Стены кабинета увешаны графиками и небольшими таблицами с записочками и цветными фотографиями, некоторые были сделаны поляроидом. Два письменных стола – ее собственный и Клэр; ее прибран кое-как, а стол Клэр в идеальном порядке, просто до тошноты стерильный. Клэр неизменно, каждый вечер, прежде чем уйти, тщательно прибиралась на нем с чопорным выражением лица, как бы намекая, что она может и не вернуться обратно.
Сэм слышала, как работающий пылесос приближался по коридору, натужно завывая и глухо постукивая. Она еще крепче зажмурила веки, уже не понимая, то ли ее голова гудит от боли, то ли так надсадно воет пылесос. Дверь открылась, и рев стал нестерпимей в тысячу раз. Еле сдерживая крик, она с опаской посмотрела в дверной проем, не собирается ли Роза войти и начать пылесосить здесь, но тут же улыбнулась – вошел ее босс, Кен Шепперд, и закрыл за собой дверь.

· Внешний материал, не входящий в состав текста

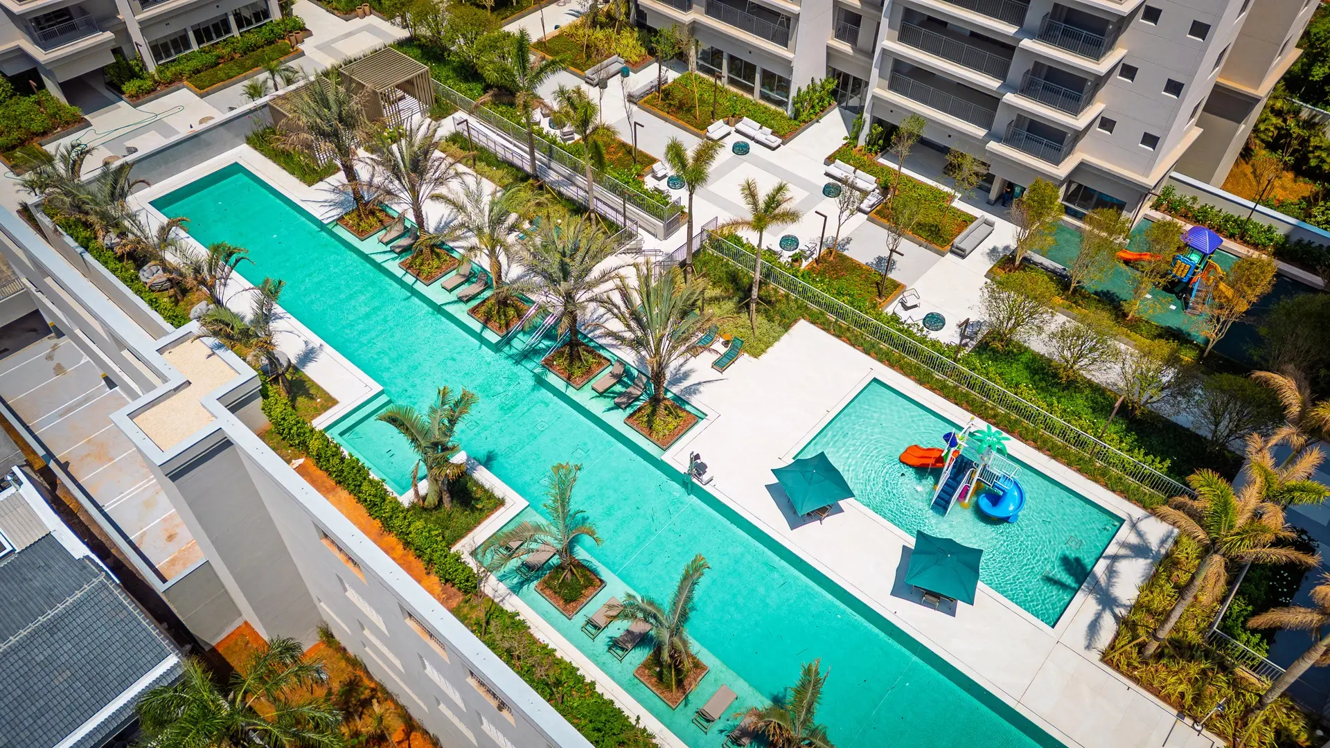 • Área de lazer completa com piscinas adulto e infantil em clima de resort

– Привет. Извини, мне следовало бы заглянуть пораньше, но у меня тут было… – Он помахал правой рукой в воздухе, а потом описал пальцами дугу, словно сматывал в клубок бечевку.
– Да все нормально, – сказала она. – Мне только нужно знать, кому ты собираешься дать для окончательной доводки этот вот рекламный ролик шоколада «Отверженный».
– Ты что-то очень бледная. Чувствуешь себя хорошо?
– Голова немножко болит. Может, от дисплея. Хочу вот раздобыть к нему защитный экран получше.
– У меня есть аспирин.
– Да не стоит, спасибо.
Он прошел к ней через кабинет, неугомонный мужчина лет сорока пяти, одетый как студент колледжа, волосы, как всегда, взъерошены, их постоянно нужно подстригать, лицо непринужденно-спокойное, гладкое, словно отутюженная рубашка. Проницательные голубые глаза добродушно улыбаются. Он остановился у стола Клэр:
– Какая она у нас чистюля, а?
Сэм ухмыльнулась:
– Это что, намек?
– А как ты вообще ее находишь?
Клэр работала с ними всего несколько недель. Лара, ее предшественница, ушла без всякого предупреждения. Просто как-то раз, в понедельник, она не появилась, а на следующий день прислала письмо, сообщая, что у нее, мол, нервный стресс и ее врач посоветовал ей работать в менее напряженной обстановке.
– С ней все в порядке, – ответила Сэм. – Она вроде не болтливая.
– Ты жаловалась, что Лара слишком уж придирчива. Может быть, Клэр лучше справится?
Сэм пожала плечами.
– По твоему выражению лица мне непонятно, нравится она тебе или нет.
Она снова пожала плечами:
– Когда она начинала, я думала, она то, что надо… только… ну, я не знаю.
– Дай ей время. По-моему, она подходит.
– Да, сэр!
Он остановился позади письменного стола Сэм, разглядывая буклет-гармошку с рисунками.
– Джонси, – сказал он. – Я хочу, чтобы Джонси обработал это.